Hi, I am using CoxPHFitter with IPS weights and robust=True flag. However, the fit is taking really long time to finish. I have about million instances and 6 features in my dataset. Let me know if slower runtime is expected in weighted version and what can be done to speed it up.

Cameron Davidson-Pilon
@CamDavidsonPilon
hello! A million is a lot, much more than needed for only 6 features. I would suggest subsampling to 50k or even less, and checking the std. errors.
Cameron Davidson-Pilon
@CamDavidsonPilon
@mohit-shrma, another suggestion is to "collapse" similar rows and use weights. Ex: with only 6 variables, you likely have the same row appear twice.
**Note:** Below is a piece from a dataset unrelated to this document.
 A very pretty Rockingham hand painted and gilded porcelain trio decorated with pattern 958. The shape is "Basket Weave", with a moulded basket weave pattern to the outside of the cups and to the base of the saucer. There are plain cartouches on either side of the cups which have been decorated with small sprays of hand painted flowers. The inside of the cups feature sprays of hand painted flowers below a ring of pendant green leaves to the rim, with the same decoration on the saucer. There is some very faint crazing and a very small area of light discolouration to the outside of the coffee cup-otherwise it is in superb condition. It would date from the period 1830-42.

You can group these, assign that row an integer count, and use the weight_col argument in fit
Cameron Davidson-Pilon
@CamDavidsonPilon
:wave: minor version of lifelines released: https://github.com/CamDavidsonPilon/lifelines/releases/tag/v0.22.1
Robert Green
@rgreen13_gitlab

Hi all. I've somewhat new to using lifelines, and in using the CoxPHFitter, when I run check_assumptions, I end up with an error that reads as follows: /RuntimeWarning: overflow encountered in exp scores = weights * np.exp(np.dot(X, self.params_))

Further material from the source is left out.